# Trinity College of Music London Audition results



## andreea

Hello!

I've just had an audition at Trinity on December the 3rd and it's been over 2 weeks now and I still didn't get any answer. Is this a good thing (getting your results later)? I'm wondering because I've also had an audition at the Royal College of Music on the 4th of December (the next day) and I got my result after 3 days saying it was Unsuccessful  (I was really sad because I really wanted to study there -it was my first choice) and I'm thinking if I wasn't accepted at the TCM either I should have got my results by now...  

So basically I just want to know if getting your results later is a good thing? 

I really want to study piano in college and I want to become a piano teacher, even though I've only been taking piano lessons for 3 years now (and one year I was a self-thought). 
I think my audition at the TCM went pretty well, I played Bach Prelude & Fugue No.22 in B flat minor WTC 1, Chopin Nocturne Op.27 No.1 in C sharp minor and Beethoven Sonata No.8 Op.13 in C minor 3rd mov. (I have a youtube channel and my username is andreea140794 if you want to hear my recordings of these pieces  and tell me what you think) and the interview went really well too, the teachers at the TCM are so kind, I felt like home there. 

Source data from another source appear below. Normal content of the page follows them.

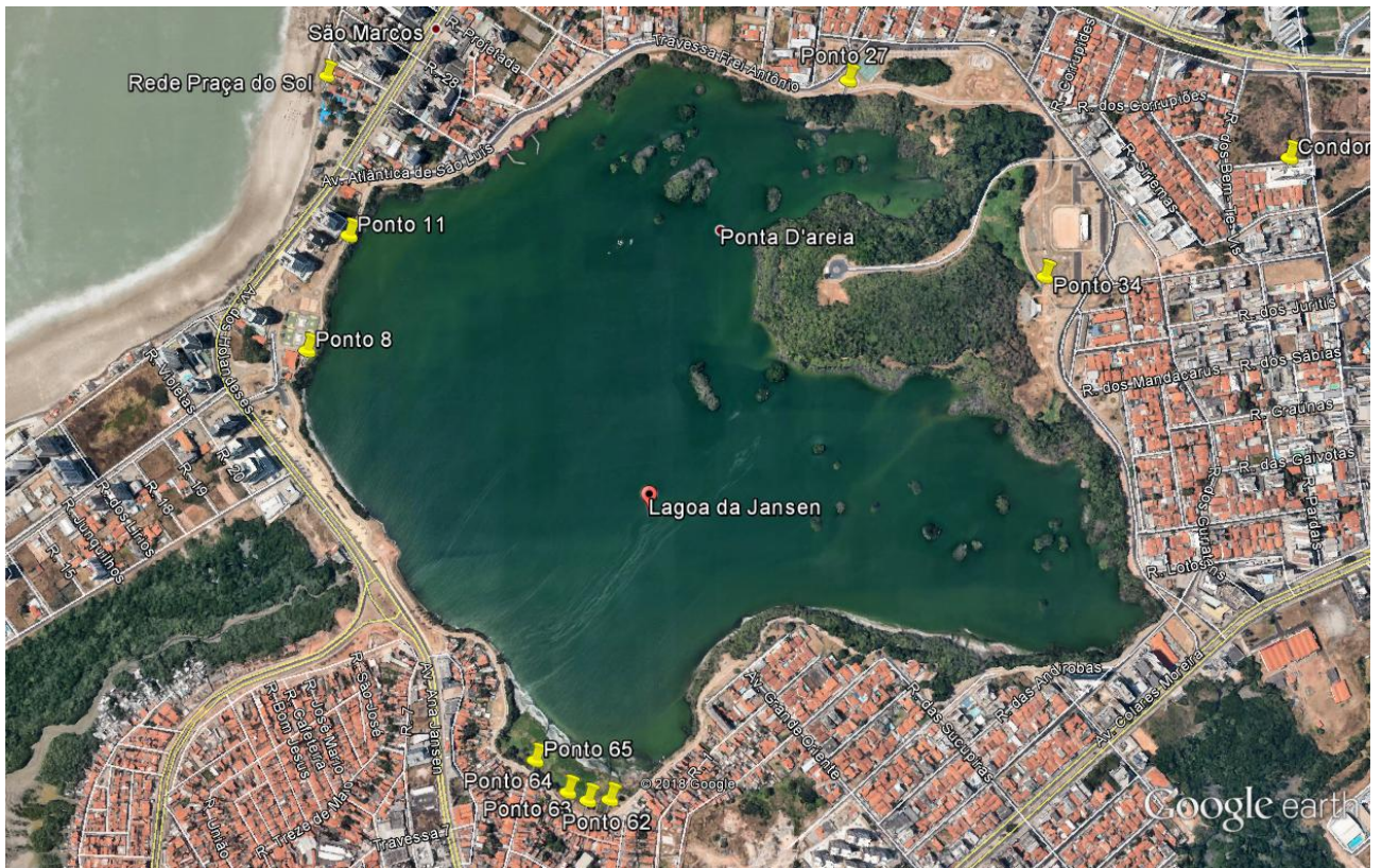
Figura 4: Pontos com maior frequência de lançamento na Laguna da Jansen (2019).
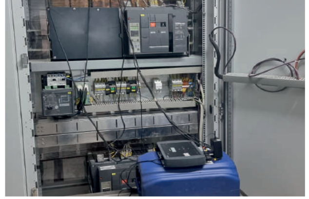
Harmonik Ölçümleri ve Testleri
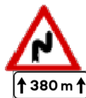
Fig. II 6 + Mod. II 2
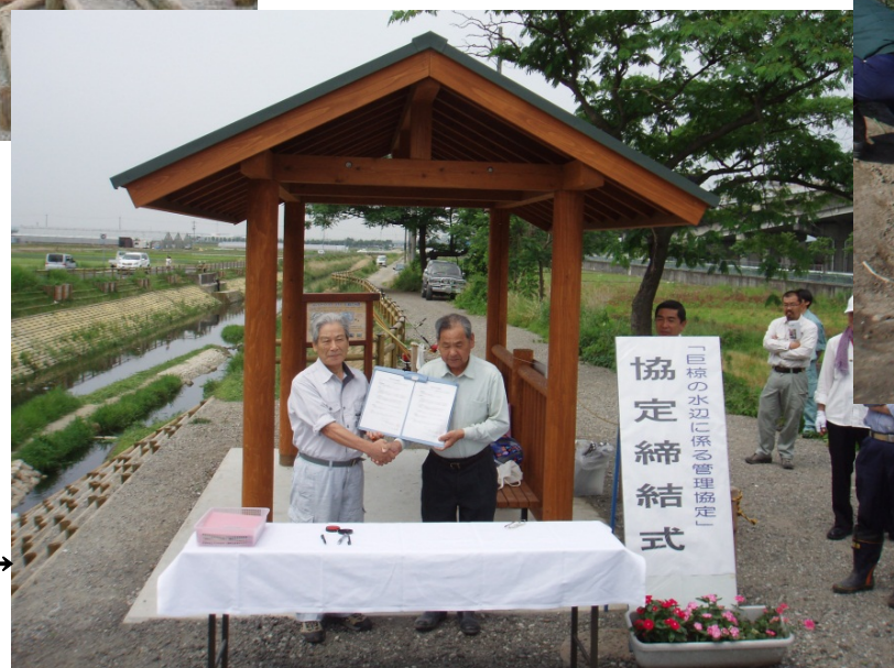
協定締結式の様子→
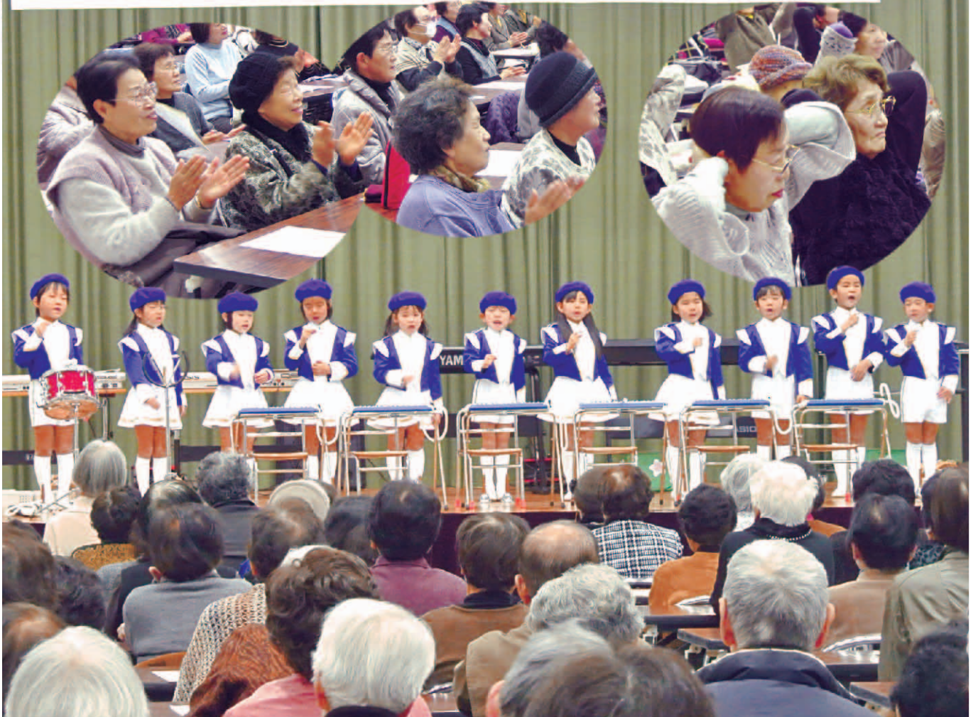
昨年のひとり暮らし高齢者のつどい

I can't wait to get my results (they told me I should get them by Christmas - so did the RCM and I got them earlier probably because they weren't positive...).

Sorry for my long post


----------



## Lunasong

(delete)....


----------



## Jaws

andreea said:


> Hello!
> 
> I've just had an audition at Trinity on December the 3rd and it's been over 2 weeks now and I still didn't get any answer. Is this a good thing (getting your results later)? I'm wondering because I've also had an audition at the Royal College of Music on the 4th of December (the next day) and I got my result after 3 days saying it was Unsuccessful  (I was really sad because I really wanted to study there -it was my first choice) and I'm thinking if I wasn't accepted at the TCM either I should have got my results by now...
> 
> So basically I just want to know if getting your results later is a good thing?
> 
> I really want to study piano in college and I want to become a piano teacher, even though I've only been taking piano lessons for 3 years now (and one year I was a self-thought).
> I think my audition at the TCM went pretty well, I played Bach Prelude & Fugue No.22 in B flat minor WTC 1, Chopin Nocturne Op.27 No.1 in C sharp minor and Beethoven Sonata No.8 Op.13 in C minor 3rd mov. (I have a youtube channel and my username is andreea140794 if you want to hear my recordings of these pieces  and tell me what you think) and the interview went really well too, the teachers at the TCM are so kind, I felt like home there.
> 
> I can't wait to get my results (they told me I should get them by Christmas - so did the RCM and I got them earlier probably because they weren't positive...).
> 
> Sorry for my long post


I think the Trinity College of Music results have been later than anyone else.

I am just wondering whose idea it was for you to apply to the RCM when you have only had 2 years of piano lessons? What did your teacher say about your chance of getting a place? You are obviously disappointed that you didn't get a place, but I would have thought that it would be really unlikely for anyone with only 3 years of experience of playing the piano to get a place at the RCM, simply because you would be competing with people who have lots of years more experience. I would think that 8 and 10 years would not be unusual.


----------



## andreea

Thank you everyone for replying! No need to worry anymore since I already got an offer at the TCM  I'm very excited!


----------



## Sonata

Congratulations!! That's amazing


----------